Losing weight is just a natural aspect of finally getting down and eating right.
I’m not shaming. I’m loving the non-diet movement, I’m loving the move towards mindful eating, I’m all for it, I’ve been seeing this forever, but I don’t want to shame people who have a goal to lose weight in a healthy way. Obesity is a health risk in life and I want to be very careful not to shame that either.
I don’t think anyone is shaming people on diets. It’s just that no one is on a diet in a vacuum. If a woman is on a diet, chances are societal forces and cultural pressure and all that has come together to put her on that diet. It’s kind of impossible to say I’m on a diet for me, when it’s convenient that being thin happens to be what appeals to American society right now.
Medically, healthwise, they have to lose some weight. When you go down in weight 10%, your blood pressure improves, your diabetes improves. So it’s more coming at it from a health perspective than in the I need to make you lose weight way. Does that make sense?
So from a health perspective, let me ask you this. Have you heard the slogan, ‘In order to get a bikini body, just put a bikini on your body?’ Or the idea that all bodies are good bodies, even bodies that aren’t conventionally attractive, even bodies that aren’t fit, even bodies that don’t look like we expect them to? What do you think of this idea that all bodies are valuable even if they aren’t fit?
I’m all for the idea of feeling confident and respecting your body and valuing what it does physically, like I have five kids. Like the stretch-marks, all that stuff, I just remind myself, look at what it’s accomplished. I never want people to ever compare themselves with someone else. I get them to focus on the fact that this is what God gave you.
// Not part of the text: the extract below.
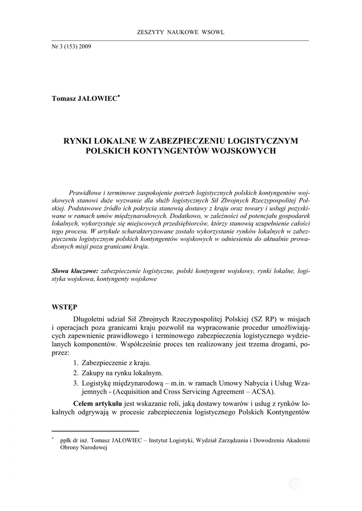 ZESZYTY NAUKOWE WSOWL Nr 3 (153) 2009 ISSN 1731-8157 Tomasz JAŁOWIEC RYNKI LOKALNE W ZABEZPIECZENIU LOGISTYCZNYM POLSKICH KONTYNGENTÓW WOJSKOWYCH Prawidłowe i terminowe zaspokojenie potrzeb logistycznych polskich kontyngentów wojskowych stanowi duże wyzwanie dla służb logistycznych Sił Zbrojnych Rzeczypospolitej Polskiej. Podstawowe źródło ich pokrycia stanowią dostawy z kraju oraz towary i usługi pozyskiwane w ramach umów międzynarodowych. Dodatkowo, w zależności od potencjału gospodarek lokalnych, wykorzystuje się miejscowych przedsiębiorców, którzy stanowią uzupełnienie całości tego procesu. W artykule scharakteryzowane zostało wykorzystanie rynków lokalnych w zabezpieczeniu logistycznym polskich kontyngentów wojskowych w odniesieniu do aktualnie prowadzonych misji poza granicami kraju. Słowa kluczowe: zabezpieczenie logistyczne, polski kontyngent wojskowy, rynki lokalne, logistyka wojskowa, kontyngenty wojskowe WSTĘP Celem artykułu jest wskazanie roli, jaką dostawy towarów i usług z rynków lokalnych odgrywają w procesie zabezpieczenia logistycznego Polskich Kontyngentów - - Długoletni udział Sił Zbrojnych Rzeczypospolitej Polskiej (SZ RP) w misjach i operacjach poza granicami kraju pozwolił na wypracowanie procedur umożliwiających zapewnienie prawidłowego i terminowego zabezpieczenia logistycznego wydzielanych komponentów. Współcześnie proces ten realizowany jest trzema drogami, poprzez: 1. Zabezpieczenie z kraju. 2. Zakupy na rynku lokalnym. 3. Logistykę międzynarodową – m.in. w ramach Umowy Nabycia i Usług Wzajemnych - (Acquisition and Cross Servicing Agreement – ACSA). - - - ppłk dr inż. Tomasz JAŁOWIEC – Instytut Logistyki, Wydział Zarządzania i Dowodzenia Akademii Obrony Narodowej RYNKI LOKALNE W ZABEZPIECZENIU LOGISTYCZNYM POLSKICH… Wojskowych (PKW) oraz analiza struktury pozyskiwanych tą drogą produktów i usług w odniesieniu do poszczególnych misji SZ RP prowadzonych poza granicami kraju. 1. TEORETYCZNE ASPEKTY UŻYCIA GOSPODARCZEGO POTENCJAŁU LOKALNEGO W ZABEZPIECZENIU LOGISTYCZNYM PKW Wojskowe strategie i doktryny współczesnych armii podkreślają wzrastającą zależność sił zbrojnych i ich wsparcia logistycznego od dostawców cywilnych. Ograniczony budżet wojskowy jest zasadniczą determinantą poszukiwania takich rozwiązań (w tym logistycznych), które gwarantują nie tylko skuteczność działania, ale i ograniczenia kosztów1. Siły zbrojne państw zrzeszonych w NATO, drogą indywidualnego zawierania umów, stosują szeroką kontraktację cywilno-wojskową, zapewniającą wojskom zaopatrzenie i usługi w zakresie zabezpieczenia logistycznego. Taki sposób realizacji zadań logistycznych na rzecz armii, nazywany „trzecią drogą”, polega na wykorzystywaniu przez wojska cywilnych zasobów logistycznych, zgodnie z doraźnie lub zawczasu ustalonymi umowami kontraktacyjnymi. Należy zaznaczyć, że zgodnie z przyjętą w NATO terminologią, „pierwsza droga” to wykorzystywanie wojskowych zasobów logistycznych, „druga droga” to wsparcie przez państwo-gospodarza – HNS (Host Nation Support). Kontrakty zawierane z zewnętrznymi podmiotami cywilnymi uznawane są jako zwiększenie potencjału logistycznego wojsk, pozwalające im jednocześnie na zachowanie własnych zasobów logistycznych. Mają one szczególną wartość podczas wykonywania priorytetowych zadań jako uzupełnienie braków lub zniesienie ograniczeń w określonych asortymentach zaopatrzenia lub zakresach usług specjalistycznych. Współcześnie pododdziały Wojska Polskiego uczestniczą w szeregu operacji Organizacji Narodów Zjednoczonych (ONZ), Unii Europejskiej (UE) oraz Paktu Północnoatlantyckiego (NATO). Na rys. 1. przedstawiono aktualne zaangażowanie SZ RP w operacjach poza granicami kraju. UNIFIL EUFOR UNDOF GRUZJA I S AF K F OR CZAD - Rys. 1. Zaangażowanie SZ RP w operacjach poza granicami kraju (stan na październik 2009 r.) - Źródło: Materiały Dowództwa Operacyjnego SZ RP - - - 1 S. Smyk, Rola zewnętrznych oferentów usług logistycznych (outsourcingu) w logistyce wojskowej, Warszawa 2007, s. 69. 159 Tomasz JAŁOWIEC Łącznie poza granicami kraju służy obecnie (10.2009 r.) około 3500 żołnierzy SZ RP. Prawidłowa realizacja zadań mandatowych oraz operacyjnych nie jest możliwa bez odpowiedniego i terminowego pokrycia potrzeb PKW w zakresie dostaw towarów i usług. Podstawowym źródłem ich zabezpieczenia jest przerzut środków materiałowych z kraju oraz pomoc sojusznicza uzyskiwana między innymi w ramach Umowy ACSA. Uzupełnieniem pozyskiwanych tymi drogami materiałów i usług jest zakup dóbr na rynkach lokalnych, uzależniony w głównej mierze od potencjału i możliwości ewentualnych miejscowych kontrahentów. Zgodnie z obowiązującymi przepisami podstawę dokonania zakupu na rynku lokalnym stanowi „PLAN RZECZOWO-FINANSOWY PKW” oraz „PLAN ZAMÓWIEŃ PUBLICZNYCH PKW”, opracowane na podstawie propozycji „ROCZNEGO PLANU ZAKUPÓW NA RYNKU LOKALNYM” przygotowanego przez Dowódcę Narodowego Elementu Wsparcia PKW (National Support Element – NSE) w terminie nakazanym przez właściwego dysponenta III stopnia lub wyższego na rok następny2. Przygotowane przez NSE propozycje na druku przedstawionym na rysunku 2, w rozbiciu na poszczególne działy zaopatrzenia, są przesyłane do właściwego dowódcy Oddziału Gospodarczego (OG), który po weryfikacji i akceptacji przez szefów służb, szefa logistyki, szefa sztabu ujmuje je w planie rzeczowo-finansowym. Rys. 2. Wzór rocznego planu zakupów środków materiałowych i usług PKW na rynku lokalnym Źródło: Zasady prowadzenia gospodarki…, op. cit., s. 95 - Zakupy na rynkach lokalnych podlegają procedurom zamówień publicznych, takim jak na terytorium Polski3. Obligują one między innymi Dowódcę NSE do sporzą- - 2 - - - 3 Zasady prowadzenia gospodarki materiałowej i finansowej w Polskich Kontyngentach Wojskowych rea

I think everyone should try to be healthier. Like, oh, you’re telling me to have a treat a week so I can learn to be around a piece of cake? Yeah, oh, wow, that’s great! It’s a more liberal way of thinking that totally embraces that movement.
Do you think the Jewish world’s been slow to accept body positivity?
It’s an issue, it’s a very big issue, but I do see movement towards it. A lot of the Jewish publications are starting to talk less about diet and more about mindful eating…
I always think we’re like eight years behind, the Jewish population, especially the more Orthodox, and I’m starting to see hints of that. It’s still a major issue and it’s not out yet, but that’s why I’m in the role I’m in.
Secrets of A Kosher Girl is out June 5, from Post Hill Press.